Could the data below be printed out exactly, with the pictures left out?

- **DATASET SECTION**

------------

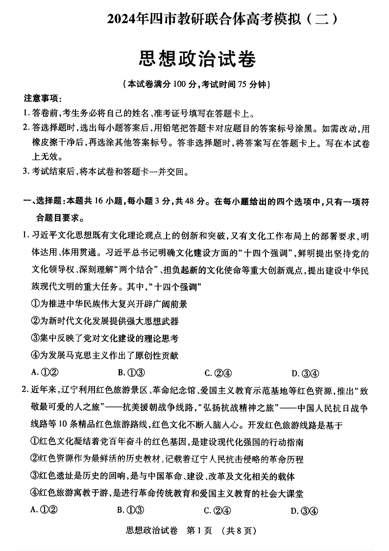 东北三省四市教研联合体2024届高三下学期二模考试政治
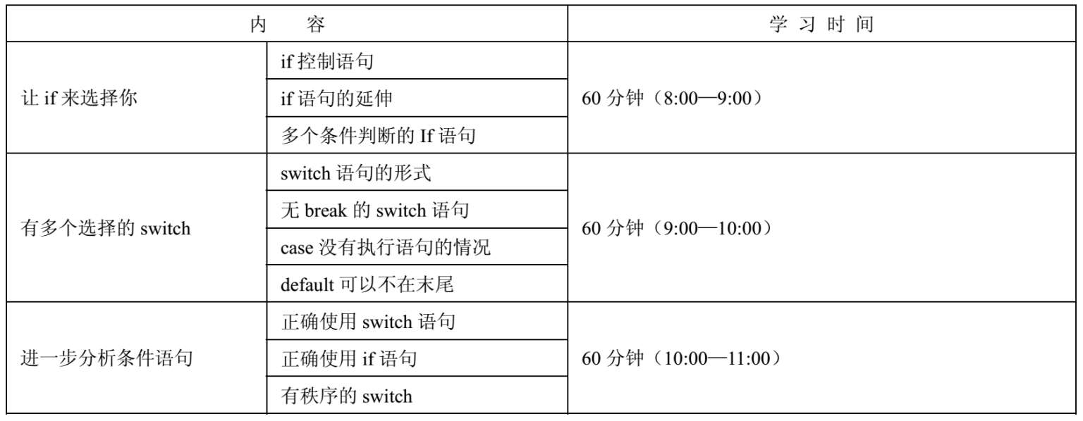 本章详细讲解了Java条件语句的基本知识,表5-1是我的学习时间进度表。
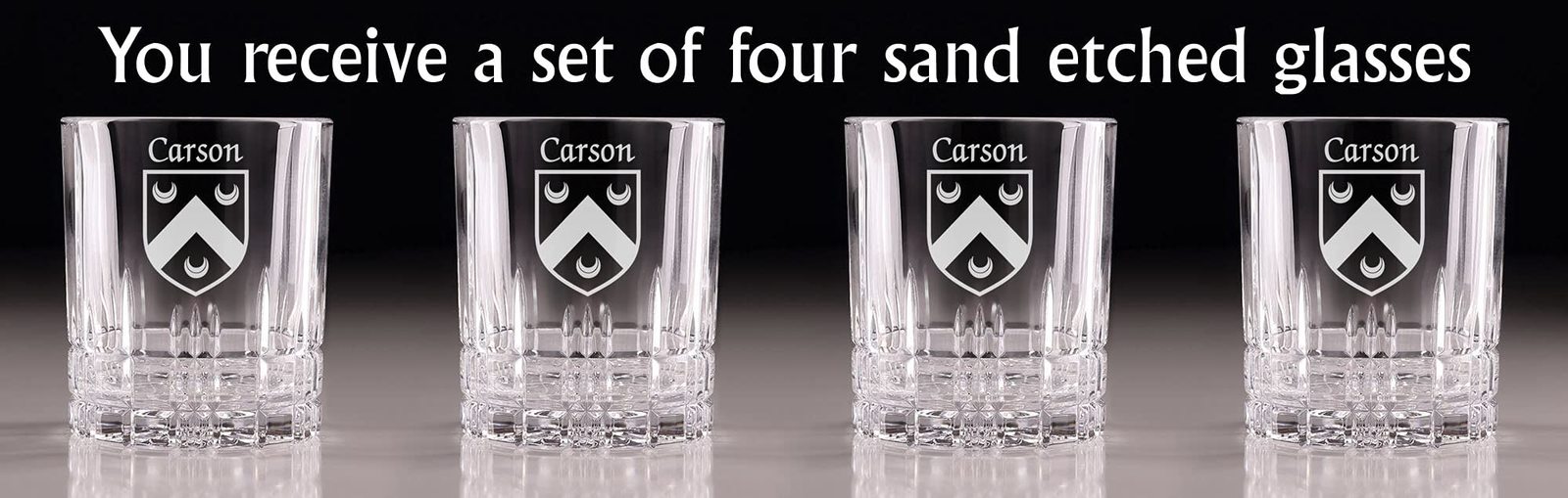 Carson Irish Coat of Arms Cut Glass Tumblers - Set of 4. Pour your favorite beverage and enjoy it in luxury! These Spiegelau Perfect Serve double old fashioned glasses are the perfect way to elevate your home glassware! Featuring an elegant retro, cut-glass design and your very own Irish Coat of Arms expertly hand-sandblasted onto each tumbler, this glass is sure to impress! Made with Spiegleau's unique Platinum Glass process to eliminate imperfections in the glass, they're thick-walled, heavy weighted, and crystal clear!

------------

- **TASK RESULT**
 东北三省四市教研联合体2024届高三下学期二模考试政治
 本章详细讲解了Java条件语句的基本知识,表5-1是我的学习时间进度表。
 Carson Irish Coat of Arms Cut Glass Tumblers - Set of 4. Pour your favorite beverage and enjoy it in luxury! These Spiegelau Perfect Serve double old fashioned glasses are the perfect way to elevate your home glassware! Featuring an elegant retro, cut-glass design and your very own Irish Coat of Arms expertly hand-sandblasted onto each tumbler, this glass is sure to impress! Made with Spiegleau's unique Platinum Glass process to eliminate imperfections in the glass, they're thick-walled, heavy weighted, and crystal clear!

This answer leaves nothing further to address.